# Task to complete
Only the lines running from the line with "本次获奖的水平系列锅具去繁从" to the end of the listing below should be copied, exactly, without pictures.

# Data section

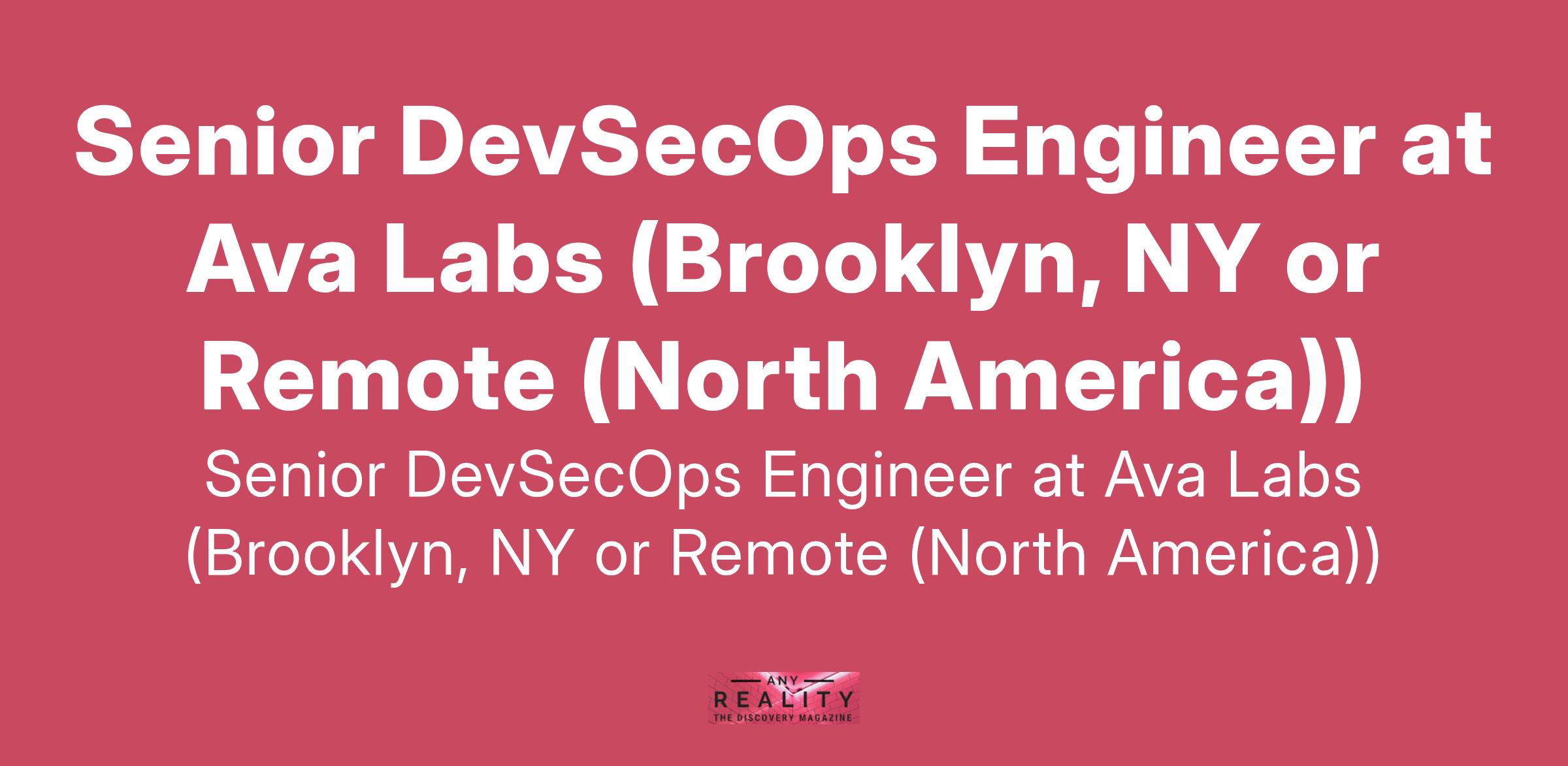Senior DevSecOps Engineer at Ava Labs (Brooklyn, NY or Remote (North America))
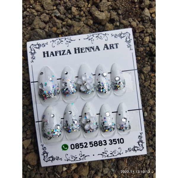 kuku palsu putih cantik hiasan swarowski dn bunga acrilic lengkap dgn lem
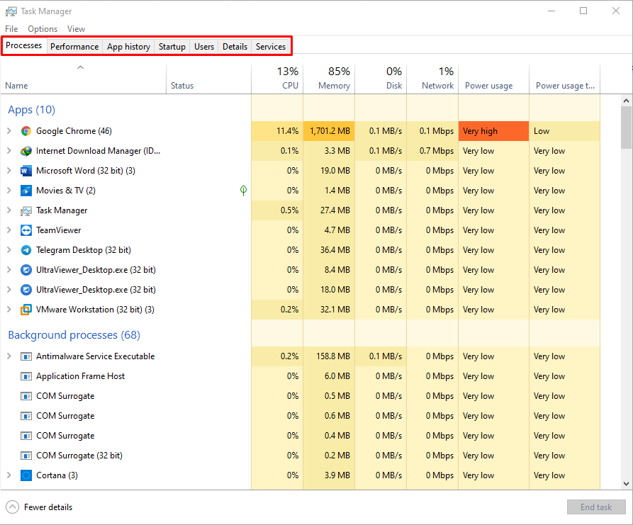 - Bước 2. Trong tab "Processes" (Tiến trình), xem danh sách các ứng dụng đang hoạt động và lượng RAM mà chúng đang chiếm dụng.
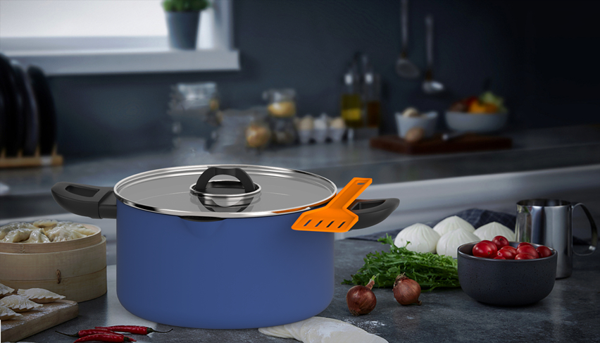本次获奖的水平系列锅具去繁从简,实用至上,兼顾简约设计。采用铝制锅身,加热速度快,大大缩减烹饪时间,提高烹饪效率及减少燃料的使用。盖耳做了特殊的可折叠结构设计,配合下沉式玻璃盖进行装备,使得整套锅具完美地实现了锅盖可平放堆叠的功能。一个套装,6种玩法,集煎煮焖炖炸多种功能,带给烹饪者更多的烹饪乐趣。
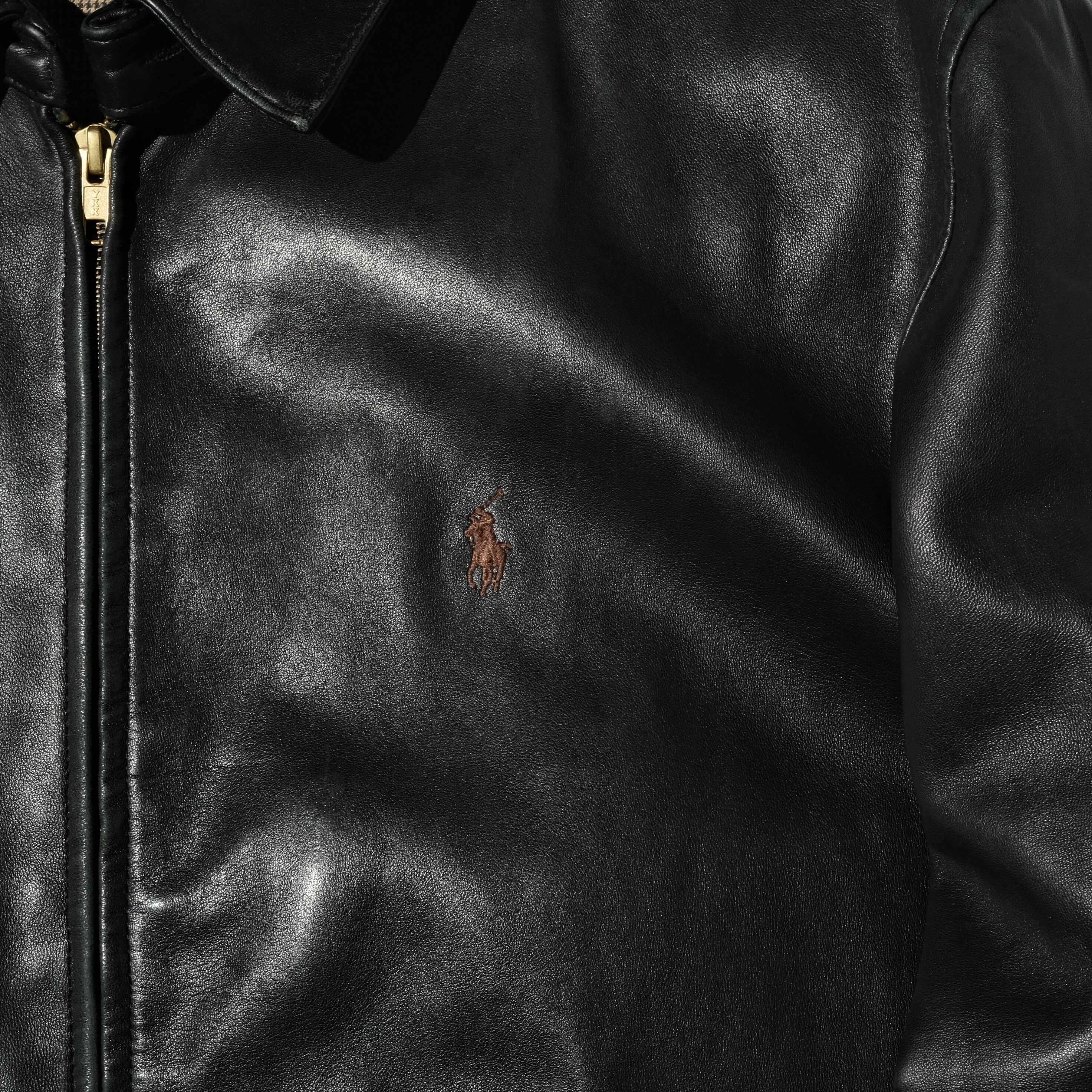 非常に人気の高いラルフのレザードリズラー。こちらは中でも特に人気のブラックカラーかつ袖/裾に絞りのゴムが入ったいわゆるコーチジャケットタイプのもの。
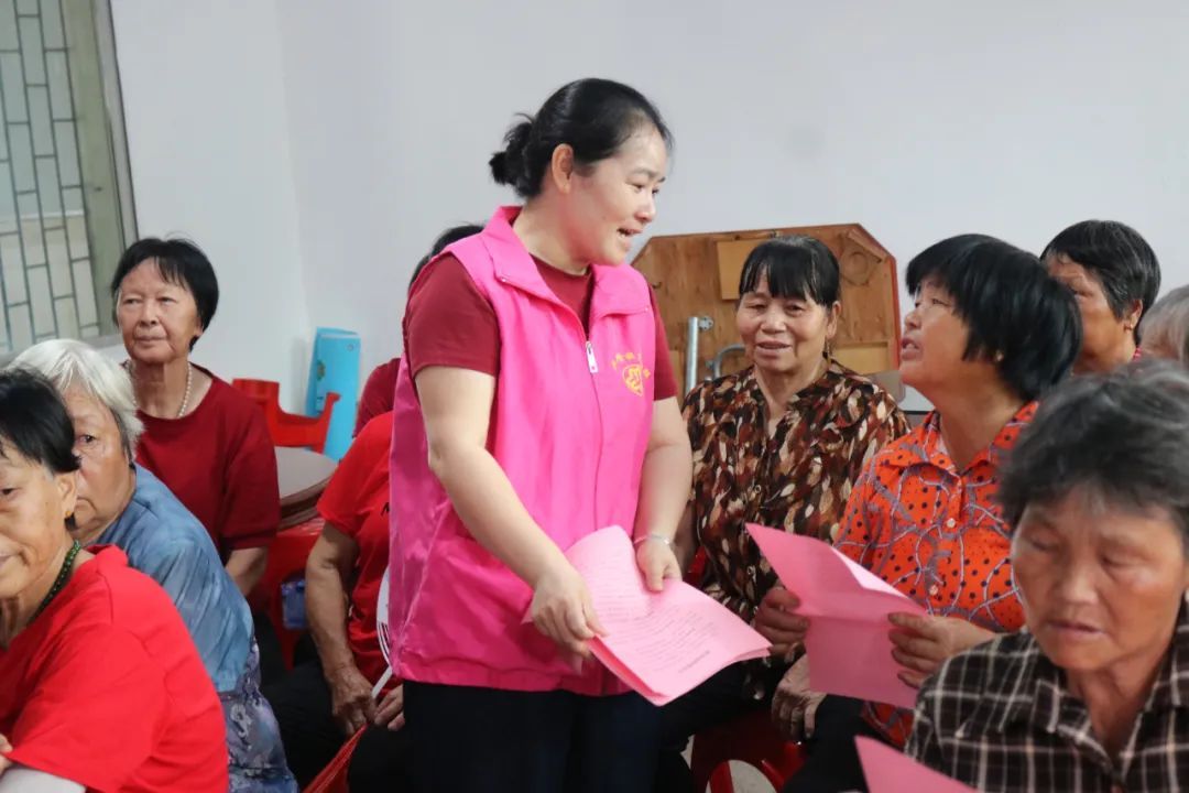 为弘扬时代新风尚,引导辖区群众树立正确的价值观念,倡导讲文明、树新风的良好社会风尚,近日,上杭县庐丰畲族乡组织志愿者在丰康村幸福院开展移风易俗主题宣传活动。 文艺活动润心田 活动现场,老人们精心排练了歌舞、快板等节目,包括歌曲《东方红》、舞蹈《家和万事兴》《好运连连》、快板《移风易俗我来讲》等。精彩的文艺节目让观众们连连叫好,大家热情洋溢,乐在其中。这些文艺节目充分融入移风易俗理念,让文明理念深入人心,为乡村精神文明建设注入活力。
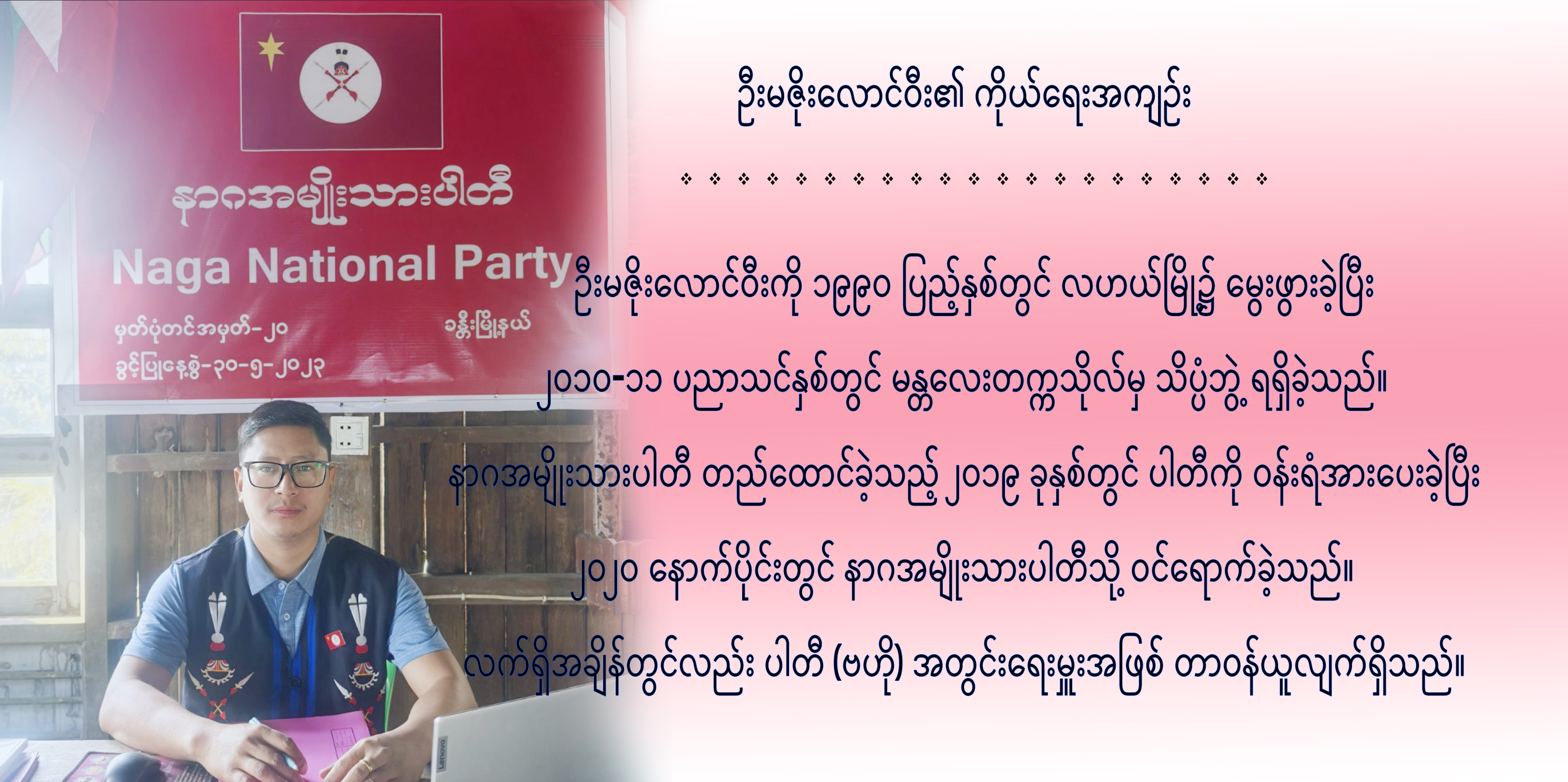 နာဂအမျိုးသားပါတီအနေနဲ့က လေရှီး၊ လဟယ်၊ နန်းယွန်း၊ ခန္တီး၊ ဟုမ္မလင်းစတဲ့  မြို့ နယ် ငါးမြို့နယ်မှာ ကိုယ်စားလှယ် စုစုပေါင်း ၂၀ နဲ့ ဝင်ရောက်ယှဉ်ခဲ့တာပါ။ လေရှီး၊ လဟယ်၊ နန်းယွန်း မြို့နယ်တွေကျတော့ နာဂကိုယ်ပိုင်အုပ် ချုပ်ခွင့်ရဒေသလို့ ဖော်ပြထားတယ်။ အဲဒီမြို့နယ်တွေမှာက ပြည် သူ့လွှတ်တော်၊ အမျိုးသားလွှတ်တော်၊ တိုင်း‌ဒေသကြီး လွှတ်တော် ဆိုပြီးရှိတယ်။ ခန္တီးမြို့နယ်မှာကျတော့ ပြည်သူ့လွှတ်တော်၊ တိုင်းဒေသကြီး လွှတ်တော်ရှိပြီးတော့ အမျိုးသားလွှတ်တော်မှာ ဝင်မပြိုင်ဘူး။ ဟုမ္မ လင်းမှာကျတော့ ပြည်သူ့လွှတ်တော်နဲ့ အမျိုးသားလွှတ်တော် မရှိဘူး။ တိုင်းဒေသကြီး လွှတ်တော်ပဲ ဝင် ရောက်ယှဉ်ပြိုင်ခဲ့တာပါ။ ကိုယ်ပိုင်အုပ်ချုပ်ခွင့်ရ‌ဒေသဖြစ်တဲ့ ဒီသုံးမြို့နယ်မှာက ပြည်ခိုင်ဖြိုးပါတီနဲ့ ကျွန် တော်တို့ နာဂအမျိုးသားပါတီ ပါတီနှစ်ခုပဲရှိတယ်။ အဲဒီသုံးမြို့နယ်မှာ အနိုင်ရခဲ့တယ်။ ကျန်တဲ့ နှစ်မြို့နယ်ရော၊ ငါးမြို့နယ်ပါပေါင်းရင် မဲရလဒ်  စုစုပေါင်း သုံးသောင်းငါးထောင်ကျော်လောက်ရပြီး အနိုင်ရခဲ့တာပါ။ ပါတီအနေနဲ့ကတော့ အပိုင်း(၂)နဲ့ (၃)မှာ မပါတော့ဘူး။ အပိုင်း(၁)နဲ့တင် ပြီးသွားပါပြီ။ ကျွန်တော်တို့က ပါတီအနေနဲ့ ဝင်ရောက် ယှဉ်ပြိုင်တယ်။ ပါတီကိုလည်း ဝန်းရံတဲ့သူတွေ များပါတယ်။ များလို့လည်း အနိုင်ရခဲ့တာပါ။ ပါတီအနေနဲ့က အပိုင်း (၁) ရွေးကောက်ပွဲ ပြီးသွားပြီ။ ကျွန်တော်တို့က အနိုင်ရရှိသွားတဲ့ ပါတီ ဖြစ်သွားပြီဆိုတော့ ဒီအပေါ်မှာ ထွေထွေထူးထူး ပြောစရာမရှိပါဘူး။ ကျင်းပပြီးစီးသွားတဲ့ နာဂဒေသ ရွေးကောက်ပွဲ အခင်းအကျင်းကတော့ လောလောဆယ်အထိကတော့ ဘာမှ အငြင်းအခုံတွေလည်း မရှိဘူး။ တစ်ဖက်ပါတီအနေနဲ့ကလည်း Complaint တက်တာမျိုးတွေ မရှိဘူး။ ကျန်တဲ့ ကိစ္စရပ်တွေလည်း မရှိပါဘူး။ ရွေးကောက်ပွဲ အခင်းအကျင်းက ဘာမှ အသံဗလံထွက်တာလည်း မရှိပါဘူး။ အားလုံး အေးအေး ဆေးဆေးပါပဲ၊ ငြိမ်းငြိမ်းချမ်းချမ်းနဲ့ပဲ အောင်အောင်မြင်မြင် ပြီးစီးသွားခဲ့ပါတယ်။

# Solution to the exercise
本次获奖的水平系列锅具去繁从简,实用至上,兼顾简约设计。采用铝制锅身,加热速度快,大大缩减烹饪时间,提高烹饪效率及减少燃料的使用。盖耳做了特殊的可折叠结构设计,配合下沉式玻璃盖进行装备,使得整套锅具完美地实现了锅盖可平放堆叠的功能。一个套装,6种玩法,集煎煮焖炖炸多种功能,带给烹饪者更多的烹饪乐趣。
 非常に人気の高いラルフのレザードリズラー。こちらは中でも特に人気のブラックカラーかつ袖/裾に絞りのゴムが入ったいわゆるコーチジャケットタイプのもの。
 为弘扬时代新风尚,引导辖区群众树立正确的价值观念,倡导讲文明、树新风的良好社会风尚,近日,上杭县庐丰畲族乡组织志愿者在丰康村幸福院开展移风易俗主题宣传活动。 文艺活动润心田 活动现场,老人们精心排练了歌舞、快板等节目,包括歌曲《东方红》、舞蹈《家和万事兴》《好运连连》、快板《移风易俗我来讲》等。精彩的文艺节目让观众们连连叫好,大家热情洋溢,乐在其中。这些文艺节目充分融入移风易俗理念,让文明理念深入人心,为乡村精神文明建设注入活力。
 နာဂအမျိုးသားပါတီအနေနဲ့က လေရှီး၊ လဟယ်၊ နန်းယွန်း၊ ခန္တီး၊ ဟုမ္မလင်းစတဲ့  မြို့ နယ် ငါးမြို့နယ်မှာ ကိုယ်စားလှယ် စုစုပေါင်း ၂၀ နဲ့ ဝင်ရောက်ယှဉ်ခဲ့တာပါ။ လေရှီး၊ လဟယ်၊ နန်းယွန်း မြို့နယ်တွေကျတော့ နာဂကိုယ်ပိုင်အုပ် ချုပ်ခွင့်ရဒေသလို့ ဖော်ပြထားတယ်။ အဲဒီမြို့နယ်တွေမှာက ပြည် သူ့လွှတ်တော်၊ အမျိုးသားလွှတ်တော်၊ တိုင်း‌ဒေသကြီး လွှတ်တော် ဆိုပြီးရှိတယ်။ ခန္တီးမြို့နယ်မှာကျတော့ ပြည်သူ့လွှတ်တော်၊ တိုင်းဒေသကြီး လွှတ်တော်ရှိပြီးတော့ အမျိုးသားလွှတ်တော်မှာ ဝင်မပြိုင်ဘူး။ ဟုမ္မ လင်းမှာကျတော့ ပြည်သူ့လွှတ်တော်နဲ့ အမျိုးသားလွှတ်တော် မရှိဘူး။ တိုင်းဒေသကြီး လွှတ်တော်ပဲ ဝင် ရောက်ယှဉ်ပြိုင်ခဲ့တာပါ။ ကိုယ်ပိုင်အုပ်ချုပ်ခွင့်ရ‌ဒေသဖြစ်တဲ့ ဒီသုံးမြို့နယ်မှာက ပြည်ခိုင်ဖြိုးပါတီနဲ့ ကျွန် တော်တို့ နာဂအမျိုးသားပါတီ ပါတီနှစ်ခုပဲရှိတယ်။ အဲဒီသုံးမြို့နယ်မှာ အနိုင်ရခဲ့တယ်။ ကျန်တဲ့ နှစ်မြို့နယ်ရော၊ ငါးမြို့နယ်ပါပေါင်းရင် မဲရလဒ်  စုစုပေါင်း သုံးသောင်းငါးထောင်ကျော်လောက်ရပြီး အနိုင်ရခဲ့တာပါ။ ပါတီအနေနဲ့ကတော့ အပိုင်း(၂)နဲ့ (၃)မှာ မပါတော့ဘူး။ အပိုင်း(၁)နဲ့တင် ပြီးသွားပါပြီ။ ကျွန်တော်တို့က ပါတီအနေနဲ့ ဝင်ရောက် ယှဉ်ပြိုင်တယ်။ ပါတီကိုလည်း ဝန်းရံတဲ့သူတွေ များပါတယ်။ များလို့လည်း အနိုင်ရခဲ့တာပါ။ ပါတီအနေနဲ့က အပိုင်း (၁) ရွေးကောက်ပွဲ ပြီးသွားပြီ။ ကျွန်တော်တို့က အနိုင်ရရှိသွားတဲ့ ပါတီ ဖြစ်သွားပြီဆိုတော့ ဒီအပေါ်မှာ ထွေထွေထူးထူး ပြောစရာမရှိပါဘူး။ ကျင်းပပြီးစီးသွားတဲ့ နာဂဒေသ ရွေးကောက်ပွဲ အခင်းအကျင်းကတော့ လောလောဆယ်အထိကတော့ ဘာမှ အငြင်းအခုံတွေလည်း မရှိဘူး။ တစ်ဖက်ပါတီအနေနဲ့ကလည်း Complaint တက်တာမျိုးတွေ မရှိဘူး။ ကျန်တဲ့ ကိစ္စရပ်တွေလည်း မရှိပါဘူး။ ရွေးကောက်ပွဲ အခင်းအကျင်းက ဘာမှ အသံဗလံထွက်တာလည်း မရှိပါဘူး။ အားလုံး အေးအေး ဆေးဆေးပါပဲ၊ ငြိမ်းငြိမ်းချမ်းချမ်းနဲ့ပဲ အောင်အောင်မြင်မြင် ပြီးစီးသွားခဲ့ပါတယ်။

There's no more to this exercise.